But one does not have to look to foreign countries for such diversity. Even within the United States one can observe cultures and societies that have held to each of these positions. The Puritans in Massachusetts in the 1600’s, for example, believed that government should have the final authority in child-rearing: “Parents were expected to teach their children the principles of religion and the fundamental laws. However, because a child’s salvation was at stake, child rearing was too important to leave to unsupervised parents. Far more than the schools and government do today, Puritan authorities oversaw the upbringing and education of children.”[iv]

In contrast, many Native American families feature “extensive involvement of extended family members in childrearing. Involved caregivers ranged from aunts and uncles to great-grandparents….Native American family values most often demand cross-group relational behavior, instead of autonomy and independence, and extended family systems strongly promote interdependence.” To many Native Americans, “Child rearing is a collective responsibility with ingrained cultural traditions governing everything from respecting one’s elders to individual character.”[v] McClellan Hall, Executive Director of the National Indian Youth Leadership Project, has also noted that, in many Native American groups, children belonged to their community, not simply their birth parents: “The understanding that it takes a village to raise a child…was the norm in Native communities. There was no concept of other people’s children. A child was regarded as a gift from the Creator and members of the community shared responsibility for the upbringing.”[vi]

In sharp contrast to both the Puritan and Native American concepts of family (as well as HSLDA’s, as we shall soon see) stands John Holt, one of the early pioneers of homeschooling in the United States. Holt rejected the concept of the nuclear family: “Not only is the modern nuclear family a very bad model of adult and social life, because it is so incomplete and distorted, but it is its isolation from the world that creates the need for models.”[vii] Holt did not see this rejection as radical; rather, he saw the nuclear family concept itself as radical, even ahistorical: “The family we talk so much about preserving,” he said, is “a modern invention.”[viii] While Holt leaned more towards a community concept of child-rearing — “What we need is to recreate the extended family” — he believed that children belong to themselves and thus should have the autonomy to determine what or who that extended family involved: “We need to allow, encourage, and help young people create extended families of their own.”[ix]

In terms of anthropology and history, therefore, there is no single model — nor even a monolithic “American” model — for answering to whom children belong. Instead there are multiple, diverse, and conflicting answers. The purpose of this present exposition is to accurately chart Home School Legal Defense Association (HSLDA)’s answer. From charting their answer we can extrapolate their philosophy of parental rights and better understand their opposition to children’s rights.

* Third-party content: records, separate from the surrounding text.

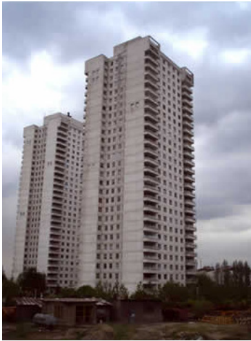
Fig. 2. Clustered High-Rise Buildings in the Context of Tehran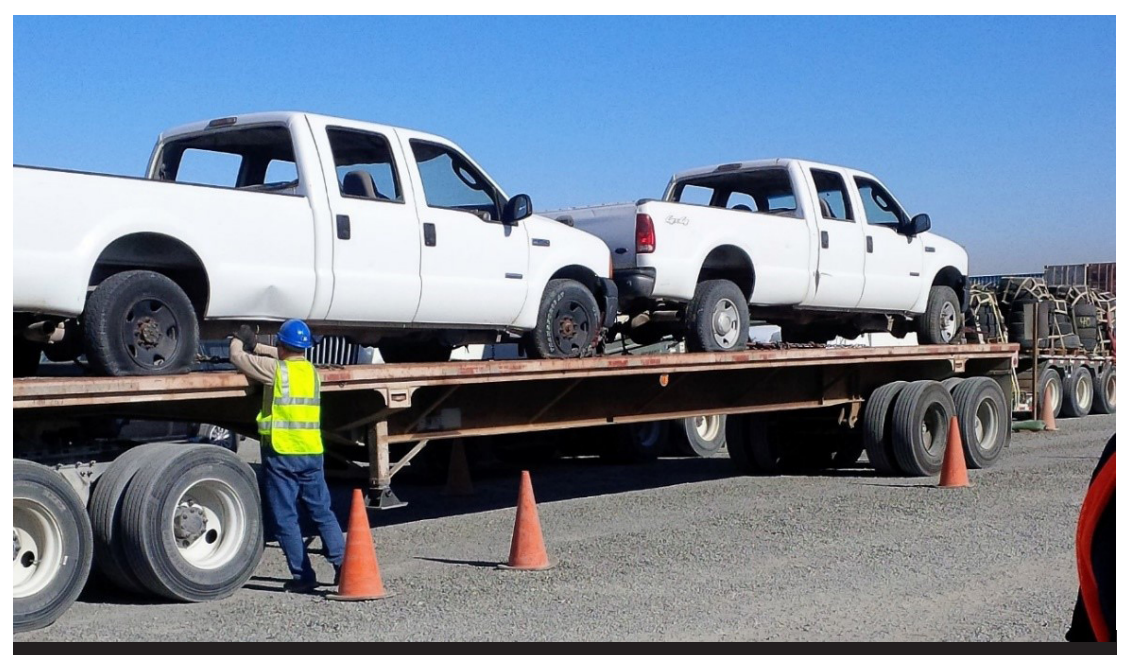
Figure 2. DLA Disposition Services Personnel Receive Trucks at the DLA Disposition Services Site in Kuwait

DLA Disposition Services officials properly processed and disposed of equipment in Kuwait. Officials received, demilitarized, and scrapped equipment in accordance with DoD guidance. For example, DoD Manual 4160.21 requires DLA Disposition Services sites to inspect and obtain physical receipt of equipment and verify identity and quantities.<sup>11</sup> During our site visit, we observed DLA Disposition Services Kuwait officials complete this requirement. For example, the officials received and inspected multiple trucks, verified that the customer properly completed and provided all turn-in documents, then signed the turn-in documents, provided a copy to the customer, and entered the information in the accountability system of record. In addition, we reviewed documentation provided from FY 2017 and equipment on-site in Kuwait. We determined that turn-in documentation was adequately completed and processed in the system of accountable record. Figure 2 shows DLA Disposition Services personnel receiving trucks for disposal at the DLA Disposition Services Kuwait site.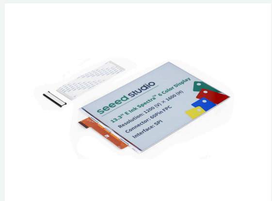
Figure 4. 100088646 13.3 Elnk Spectra 6 Color Display 2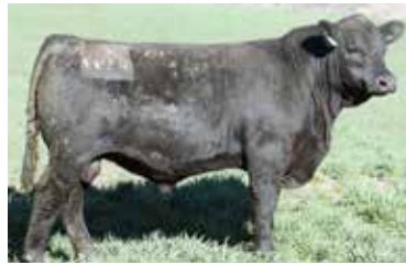
LOT 40. P197 Prophet x Infinity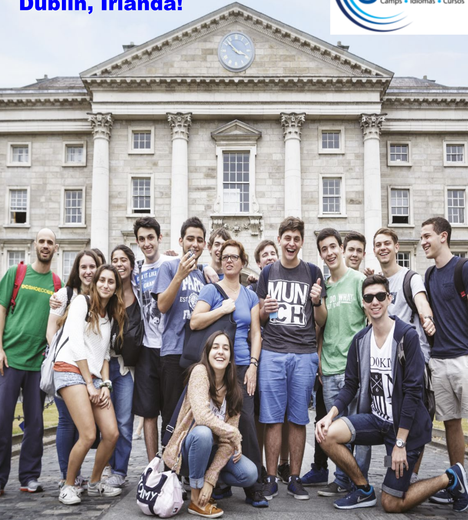
Trinity College, Dublin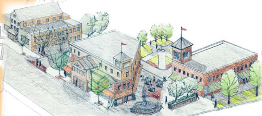
Celebrate the Central Gateway A vision of the 'signature gateway' at the intersection of Congers, Main, and New Hemstead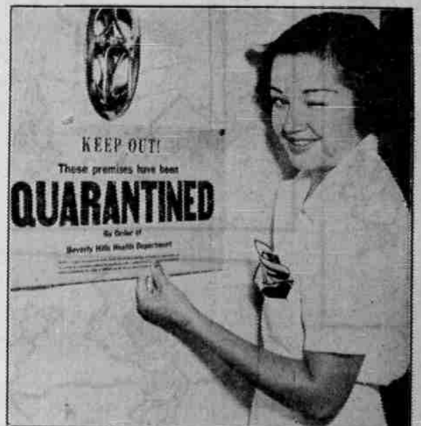
After being quarantined three weeks with scarlet fever, Arline Judge (above), film actress, winked happily as she removed the health officer's sign from her Beverly Hills, Calif., home.

As this exposition’s purpose is descriptive, personal commentary will not be given. Critiques will be provided only when relevant to pointing out logical gaps or internal consistencies in HSLDA’s own analysis.

God, Parent, Child

The late Chris Klicka was HSLDA’s senior counsel and, according to HSLDA founder Michael Farris, “one of the most important pioneers of [the homeschool] movement.”[x] Klicka wrote his seminal book The Right Choice: Home Schooling in 1995. Fellow homeschool leader Gregg Harris’s company, Noble Publishing Associates, published the book. In Chapter Four of the book, entitled “The Biblical Principles: A Support for Home Schooling and an Indictment of Public Education,” Klicka articulated his and HSLDA’s understanding of the child-world relationship.

According to Klicka, children are the property of God but they are — in a sense — on loan to their parents: “Children belong to God, but the responsibility and authority to raise and educate them is delegated to their parents.” Parents have a responsibility to “craft” their children to be weapons for God: “God describes our children as arrows in the hands of a warrior!…Have we diligently crafted our ‘arrows’ so they can be trusted to hit their target as we launch them into the world?…Have we personally guaranteed our ‘arrows’ are the most carefully crafted and have the sharpest point?”[xi]

This “children as weapons” concept is shared by Michael Farris. In his book How a Man Prepares His Daughters for Life, Farris uses weaponization as a metaphor for “Setting Spiritual Goals” for one’s children. He says, “No army general would ever try to train soldiers in the haphazard way many of us try to train our daughters to serve our Lord. An army has an organized plan and a training course of increasing rigor designed to produce soldiers capable of winning the battle. Our duty to train our children is no less important. It is equally necessary for us to develop goals and plans for the training of the spiritual warriors whom God has entrusted to us.” According to Farris, this spiritual weaponization requires a child-training plan that is “essentially behavioral in nature.”[xii]

Klicka’s ideal of Christian-based homeschooling is key to his and Farris’s shared goal of child behavior modification via spiritual weaponization: “God, not the state, has given parents the sole authority and responsibility for the education of their children…Parents must train their children to think God’s thoughts…Home schooling enables families to properly and comprehensively train their children’s minds.”[xiii] Klicka clarifies this does not mean children are solely the property of parents; rather, they are the property of God and parents simply “steward” God’s property: “Although God has ‘given’ children to parents, children are a ‘gift of stewardship,’ which means that parents do not really ‘own’ their children. Parents, therefore, are not free to raise their children any way they want because God gives the parents certain ‘conditions’ that must be met.”[xiv]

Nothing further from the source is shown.